__ASSIGNMENT__.
Where an image appears in the data, omit it and reproduce the rest exactly.

__PROVIDED MATERIAL__.
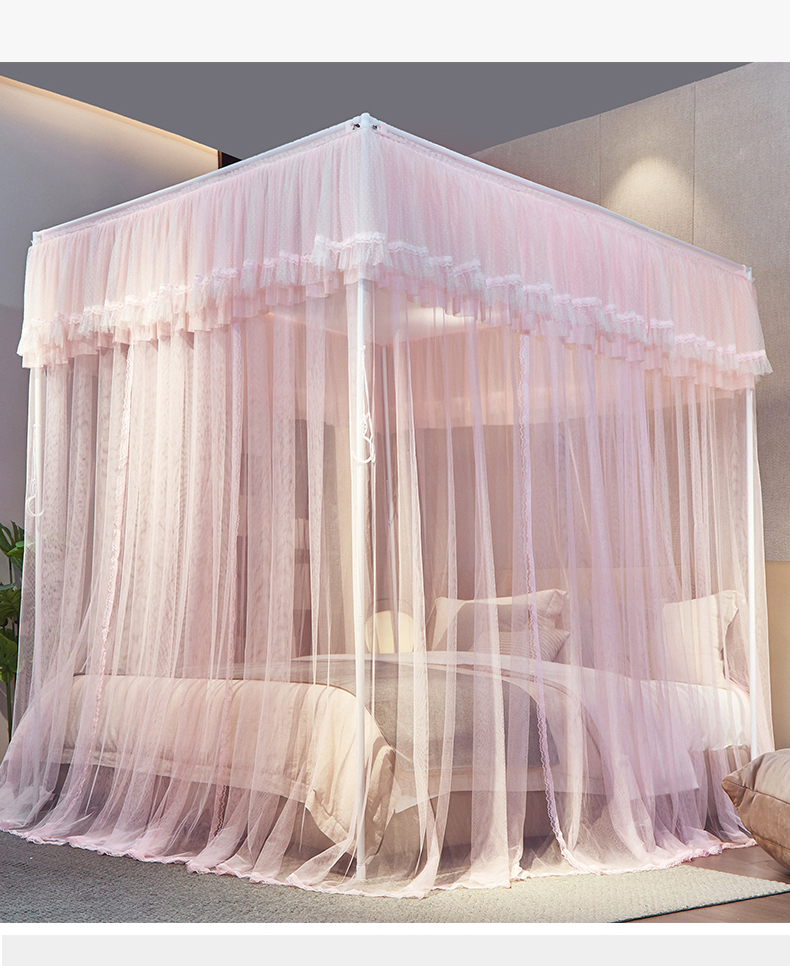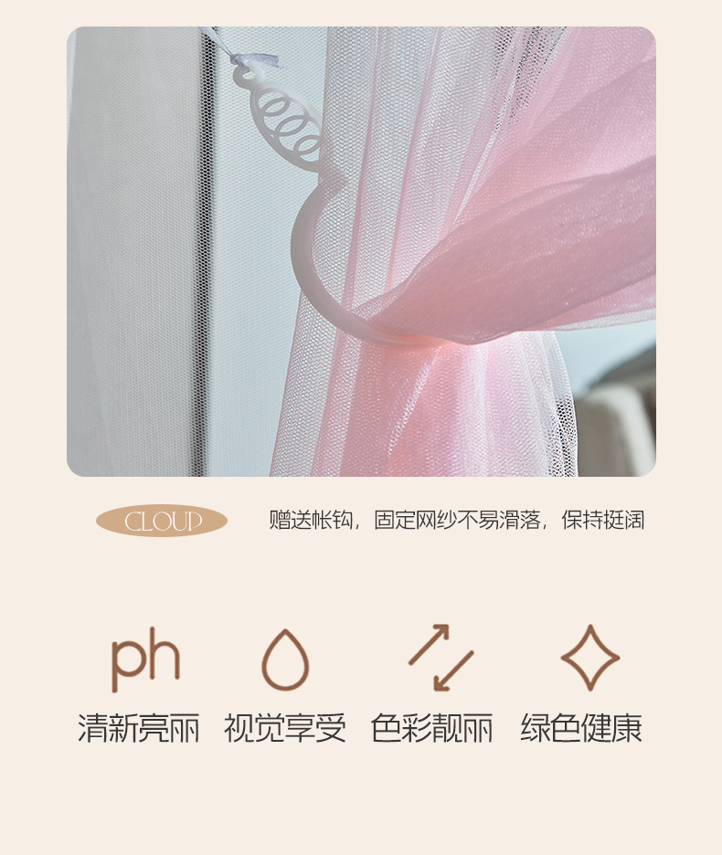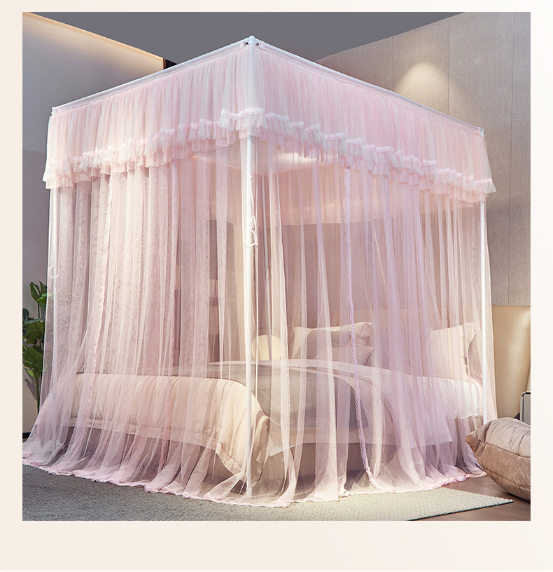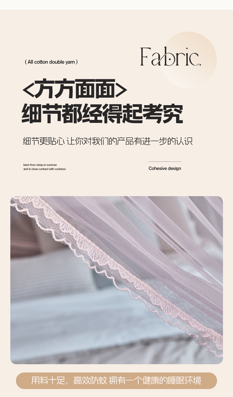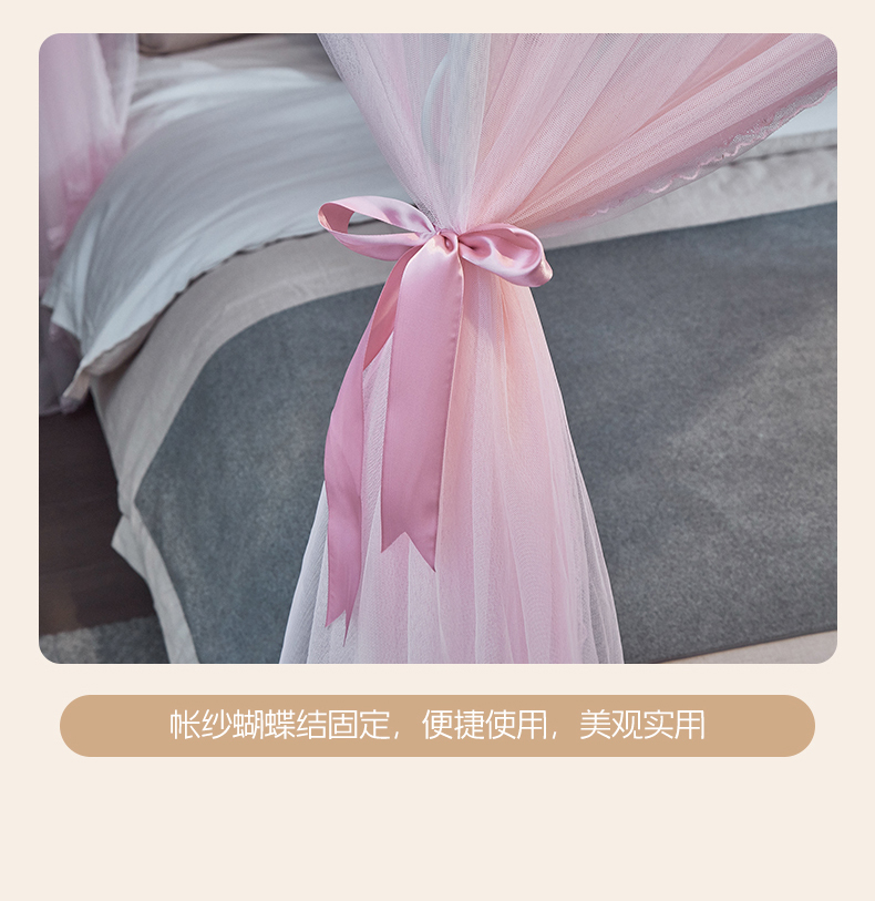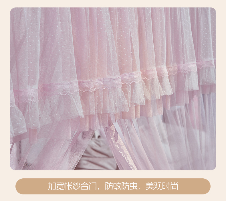 商品名称:夏彩 2025新款蕾丝加柔加密外撑式25烤漆铁艺加粗支架宫廷蚊帐-88613 88613虾粉
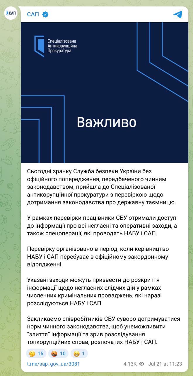 "В рамках проверки сотрудники СБУ получили доступ к информации обо всех негласных и оперативных мероприятиях, а также спецоперациях, которые проводят НАБУ и САП", - сообщает специализированная прокуратура, давая понять, что это может делаться для того, чтобы организовать утечку информации фигурантам уголовных дел: "эти действия могут привести к раскрытию информации о негласных следственных действиях в рамках уголовных дел, которые расследуют НАБУ и САП".
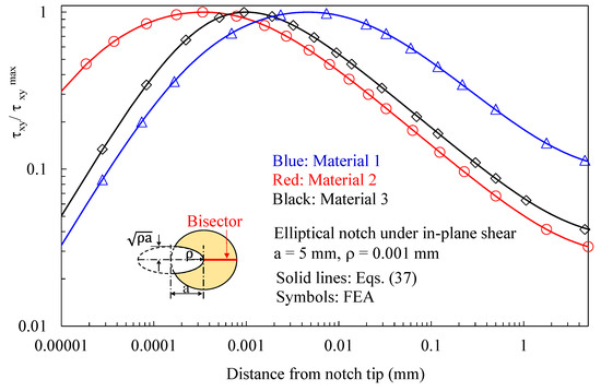Disc with t = 1 mm and weakened by an elliptical notch with = 0.001 mm. Mode 2 loadings, different materials. In-plane stress component τxy along the notch bisector together with a comparison with Equation (37). Distance from the midplane z/t = 0.4.

__TASK RESPONSE__.
 商品名称:夏彩 2025新款蕾丝加柔加密外撑式25烤漆铁艺加粗支架宫廷蚊帐-88613 88613虾粉
 "В рамках проверки сотрудники СБУ получили доступ к информации обо всех негласных и оперативных мероприятиях, а также спецоперациях, которые проводят НАБУ и САП", - сообщает специализированная прокуратура, давая понять, что это может делаться для того, чтобы организовать утечку информации фигурантам уголовных дел: "эти действия могут привести к раскрытию информации о негласных следственных действиях в рамках уголовных дел, которые расследуют НАБУ и САП".
Disc with t = 1 mm and weakened by an elliptical notch with = 0.001 mm. Mode 2 loadings, different materials. In-plane stress component τxy along the notch bisector together with a comparison with Equation (37). Distance from the midplane z/t = 0.4.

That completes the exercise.